Finding a Minimum Value for k in an Epsilon-Delta Proof

[sakodo]

Hey guys here's the problem,

Homework Statement

lim (4x^2+9) / (3x^2 +5) = 4/3
x->infinity

find k, such that x> k/sqrt(epsilon) guarantees abs((4x^2+9) / (3x^2 +5) - 4/3) < epsilon

Homework Equations

The Attempt at a Solution

By removing the absolute sign and making the denominator common, we get

7 / (9x^2 + 15) < epsilon

keep solving we get

x > 1/3 sqrt(7/epsilon - 15)

Here is where I got stuck. How do we find k as a constant? 15 is inside the square root and if we want to make the whole thing as a fraction we would get x > 1/3 sqrt((7-15*epsilon)/epsilon). I can't just get rid of 15 either because that would screw up the inequality and I am meant to find the MINIMUM value of k. Any help would be appreciated.

 

[jbunniii]

As you said,

\frac{4x^2 + 9}{3x^2 + 5} - \frac{4}{3} = \frac{7}{9x^2 + 15}

This is positive for all x so we only need to worry about the upper bound. We have

\frac{7}{9x^2 + 15} &lt; \epsilon

iff

7 &lt; 9x^2 \epsilon + 15 \epsilon

iff

9x^2 &gt; \frac{7 - 15\epsilon}{\epsilon}

iff

9 x^2 &gt; \frac{7}{\epsilon} - 15

Therefore the following is certainly sufficient:

9x^2 &gt; \frac{7}{\epsilon}

i.e. if x satisfies this inequality, then it satisfies all the ones above. It should be easy to find a suitable k now. (Note that the problem didn't ask you to find the smallest possible k, just any k that works.)

 

[sakodo]

Thanks for the reply jbunnii.

Yeah I get your working. Just a side question, is it then impossible to obtain a minimum value of k?

Cheers.

 

[jbunniii]

Thanks for the reply jbunnii.

Yeah I get your working. Just a side question, is it then impossible to obtain a minimum value of k?

Cheers.

OK, go back to

9x^2 &gt; \frac{7}{\epsilon} - 15

If this were an equality instead of an inequality, then we would have a "boundary case" where x just barely fails, but any larger x would pass. Let's investigate this boundary case:

9x^2 = \frac{7}{\epsilon} - 15

Let's also set x to the minimum allowed:

x = \frac{k}{\sqrt{\epsilon}}

and substitute this into the boundary case:

\frac{9k^2}{\epsilon} = \frac{7}{\epsilon} - 15

or equivalently

9k^2 = 7 - 15\epsilon

Then we have

k = \frac{1}{3}\sqrt{7 - 15\epsilon}

assuming \epsilon is small enough that we can take the square root.

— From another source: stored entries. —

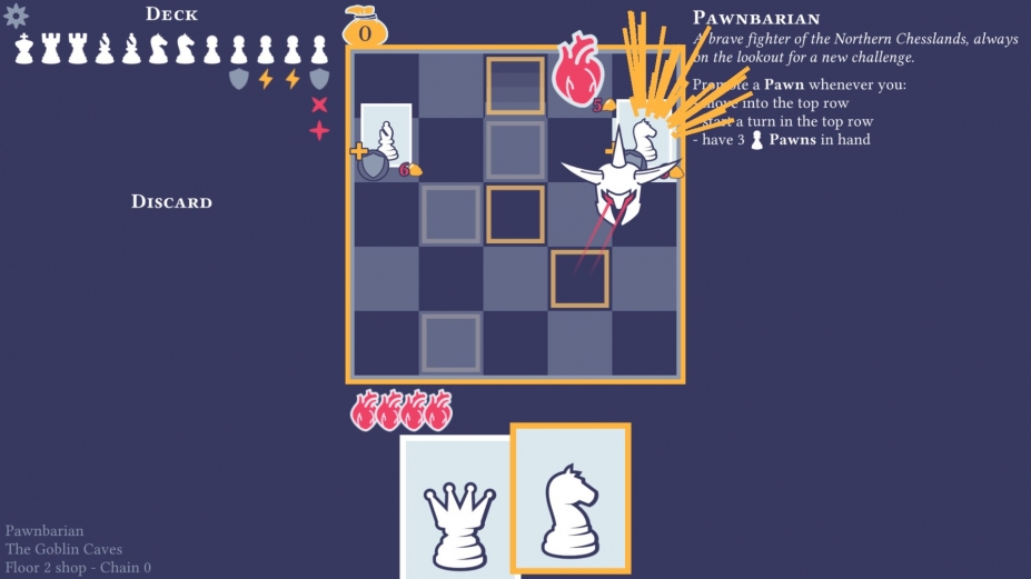 瓦里安走卒(Pawnbarian)是一款极简主义风格的益智类roguelike地牢闯关游戏,它通过使用国际象棋移动来控制您的冒险家在一个地牢棋盘上清除怪物。使用你的棋子进行砍杀,通过金币来升级你的棋子,征服3个充满各种怪物的地牢。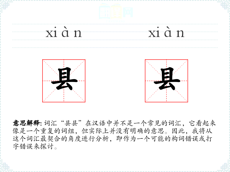 词汇“县县”在汉语中并不是一个常见的词汇,它看起来像是一个重复的词组,但实际上并没有明确的意思。因此,我将从这个词汇最契合的角度进行分析,即作为一个可能的构词错误或打字错误来探讨。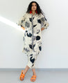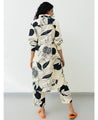 A two-piece set pairing the Pomegranate Tunic and matching pants. The printed tunic shirt features a front button placket, a high low curved hem, and cuffed sleeves. Front length 36", Back length 40". The matching pants feature a fitted front and elasticated back. Length 36". The model is 5'7" and is wearing size M.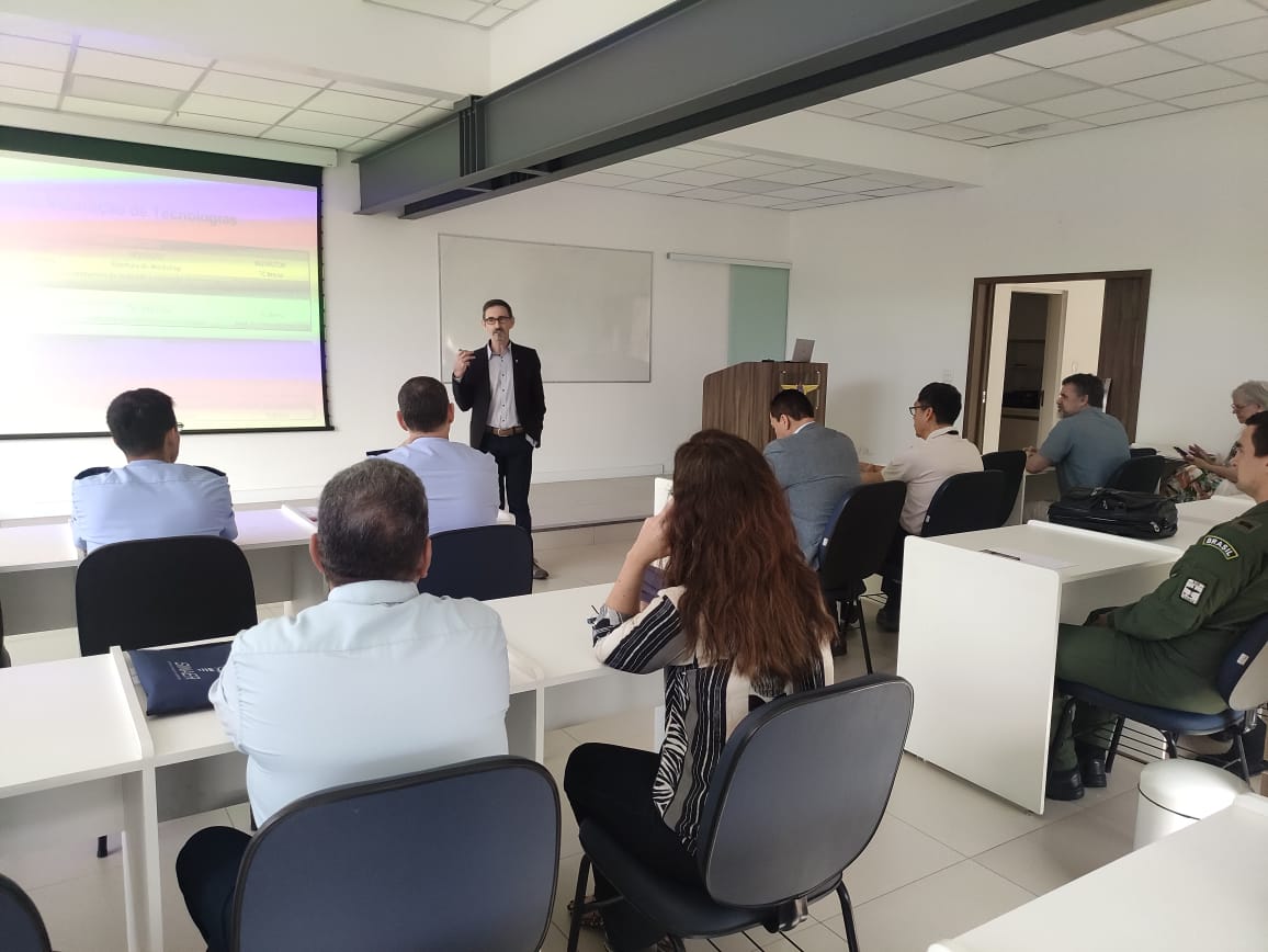 Na oportunidade, participaram como instrutores do treinamento o professor da Universidade Federal de Santa Catarina (UFSC), especialista em Avaliação, Valoração e Transferência de Tecnologia, Doutor Irineu Afonso Frey e o Chefe Adjunto da CGI, Tenente-Coronel Aviador Breno Ricardo de Araújo Leite.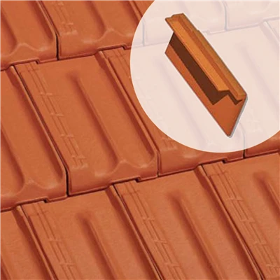 Tuile de rive individuelle droite à emboîtement, en terre cuite. Permet la finition des rampants de pignon. Accessoire de la tuile à côte universelle, à double emboîtement et double recouvrement.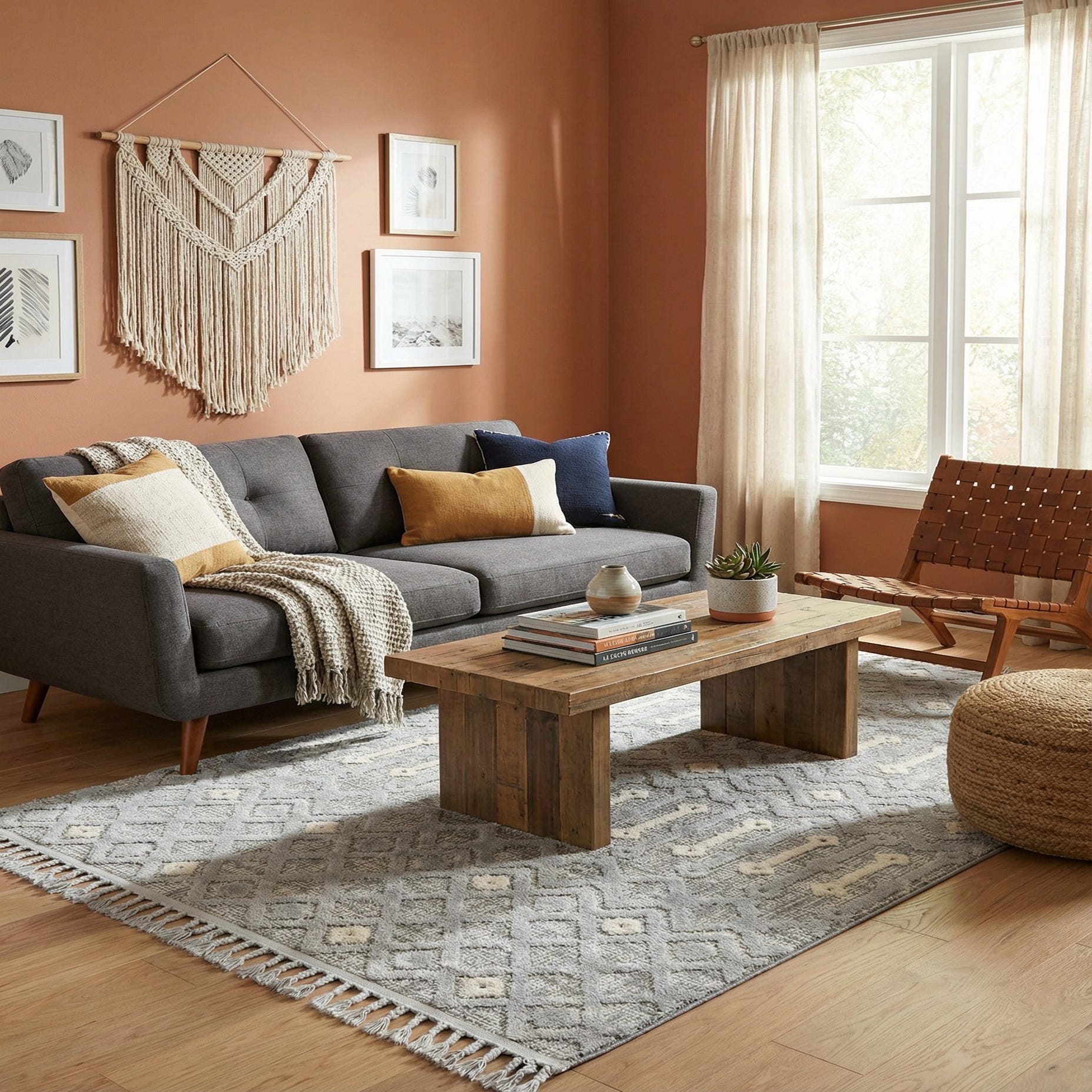 Primary color is Gray. Colors in this rug include: Gray, Beige.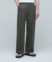 코튼 린넨 원 턱 와이드 팬츠 [카키]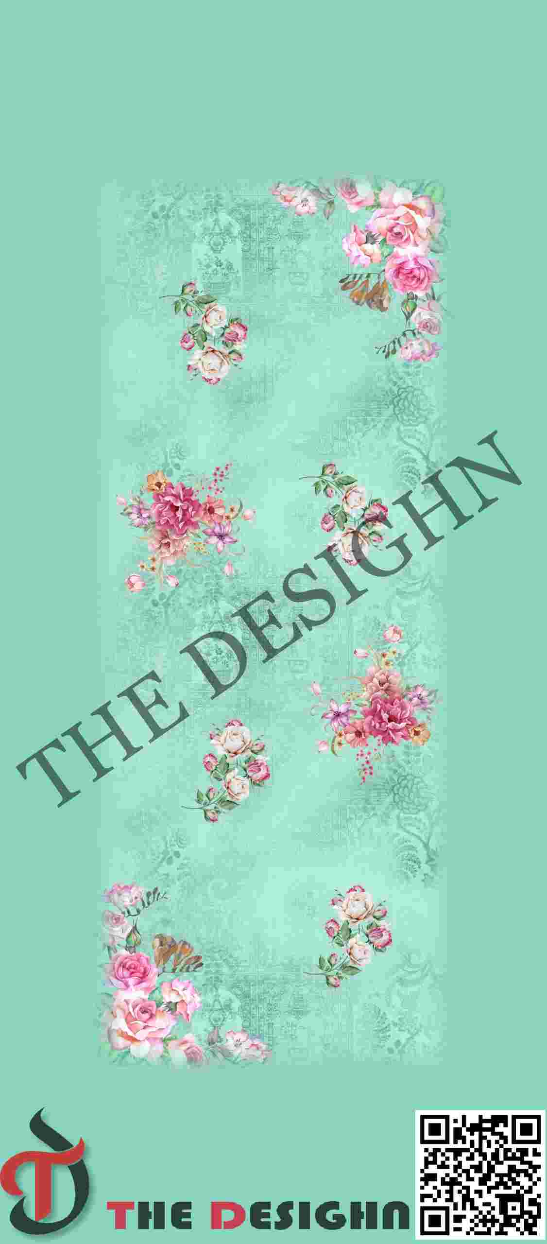 The Heritage Ground: The central field is a complex “shabby-chic” textured background. It features faded, “ghosted” sections of traditional South Asian medallions, geometric lattices, and architectural filigree in varying shades of mint and seafoam green. This distressed effect provides a historical, textile-rich depth that mimics an antique block-printed heirloom.

I think this k is the smallest possible, if k is allowed to depend on \epsilon.

From this we can see that the smallest k that works for ALL \epsilon is

k = \frac{1}{3}\sqrt{7}

which is the same answer as before.

 

[sakodo]

Hey man thanks again. However I just realized if 9x^2 > 7/epsilon -15, then how can we assume 9x^2 > 7/epsilon? if a > b -c we can't just say a > b can we? grr this is annoying lol...

 

[jbunniii]

Hey man thanks again. However I just realized if 9x^2 > 7/epsilon -15, then how can we assume 9x^2 > 7/epsilon? if a > b -c we can't just say a > b can we? grr this is annoying lol...

No, you have the logic in reverse.

I established that we need AT LEAST 9x^2 > 7/epsilon - 15. But if we achieve 9x^2 > 7/epsilon, that's even better, right? So I found k to satisfy 9x^2 > 7/epsilon, and therefore it also satisfies 9x^2 > 7/epsilon - 15.